Wednesday, April 16, 2014

Believe it . . . or not

 
 
We humans feel superior to other animal and plant life, although we don’t even know whether life exists on distant planets or in different dimensions or in the unimaginable.

The idea of one god in three persons is a heady product of worship, prayer and scholarship. It recognizes god as the starting place, with attributes of a divine parent, child and community.

Humans have a craving for details, especially about themselves. Consider the millions who check their horoscopes before deciding what movie to see, others looking for excitement in séances, reassurance from palm readers and fortune tellers, sense, nonsense and incense.

Inasmuch as nothing is established in fact about god, seekers generally rely on what someone else has said about god, having no recourse to the kind of fact recorded in laboratories and encyclopedias.
There are believers, wonderers and deniers, also known as the faithful, agnostic and atheist. I lack the spontaneous faith of the atheist. There is no proof that there is no god, but atheists accept that claim as a certainty. Does that seem incredible?

Some people scold religion for causing wars, even though most wars are fought by secular governments. The popular cause with the heaviest firepower is democracy. Secular troops, tanks, triggers and torpedoes went to war but failed to establish democracy in Vietnam or Afghanistan, Iraq or parts of Africa. Nobody builds aircraft carriers or missiles with the proceeds of collection plates and begging bowls.
All religions, even atheism, are true to believers. Jesus, his mother and disciples, Moses, Mohammed, the Buddha are teachers to millions and more than teachers to other millions.
 
Divinity has many descriptions, with physicists and theologians, prophets and pragmatists testing their poetic thesaurus for the meaning of Eternal, Almighty, I Am, Love, Mind, Lord God, Spirit, Creator, Truth.
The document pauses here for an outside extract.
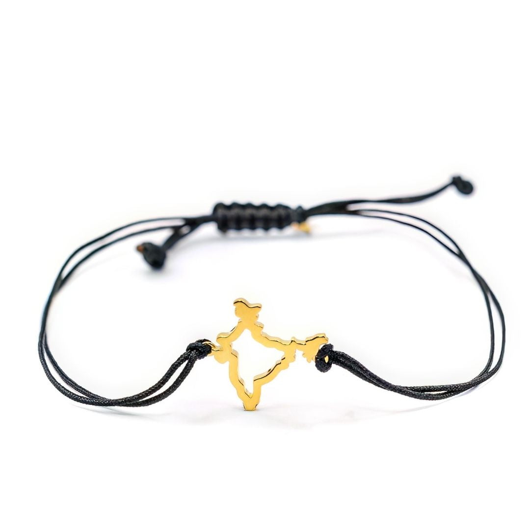 Embrace your connection to the vibrant landscapes and rich heritage of India with our India Map Bracelet in 18K yellow gold vermeil on a nylon cord.

My work as a journalist gave me interviews with Billy Graham,Roman Catholic cardinals, Zen genius D. T. Suzuki, an Archbishop of Canterbury, a college president who gave me a copy of the Book of Mormon, and conversations with a couple of popes, scholars, rabbis, Episcopal bishops, clergy of many faiths. I respect them all and ponder the generosity of god. There is an abundance of belief.

Monday, April 14, 2014

Justice is in no hurry


 
American justice is about as good as it gets. It is shaped by centuries of crime and punishment. From earliest times lawbreakers have known they would be punished by confinement, stoning, being drawn and quartered or whipped. Yet they went right on breaking laws, generation after generation.

Governors still go to prison, and so do wealthy leaders of commerce and finance.

Candidates for public office sometimes boast that they are not politicians, but practitioners of business. “After all, the chief business of the American people is business,” according to the fellow who was president when I was born. Business supports government with taxes and influences government by giving money to politicians.

But enforcement of high ethical standards in both business and politics is less than total, as any number of convicted figures in both fields can testify. Politicians and business operators may ensnare themselves in fraud, Ponzi schemes, insider trading, forgery, embezzlement, bribery, cybercrime and anything else that has a dollar sign attached.   

It is said that American taxpayers spend more per year to keep a prisoner locked up than they spend on sending a person to college. Not long ago The Atlantic reported that one year at Princeton cost $37,000 and one year in a New Jersey state prison cost $44,000.

Why do some cops and lawyers break laws? Why do the wealthy steal? Why do spouses stab and shoot each other? Why do some clergy defy the laws of church and state? Why do lawbreakers break the same laws, knowing the penalties, century after century?

Why are penalties for scurrilous behavior so uneven? The government shaped by George Washington and Thomas Jefferson has been made a sponsor of torture and assassination. Across the face of the Supreme Court appear the words Equal Justice Under Law, words which are mocked in Guantanamo.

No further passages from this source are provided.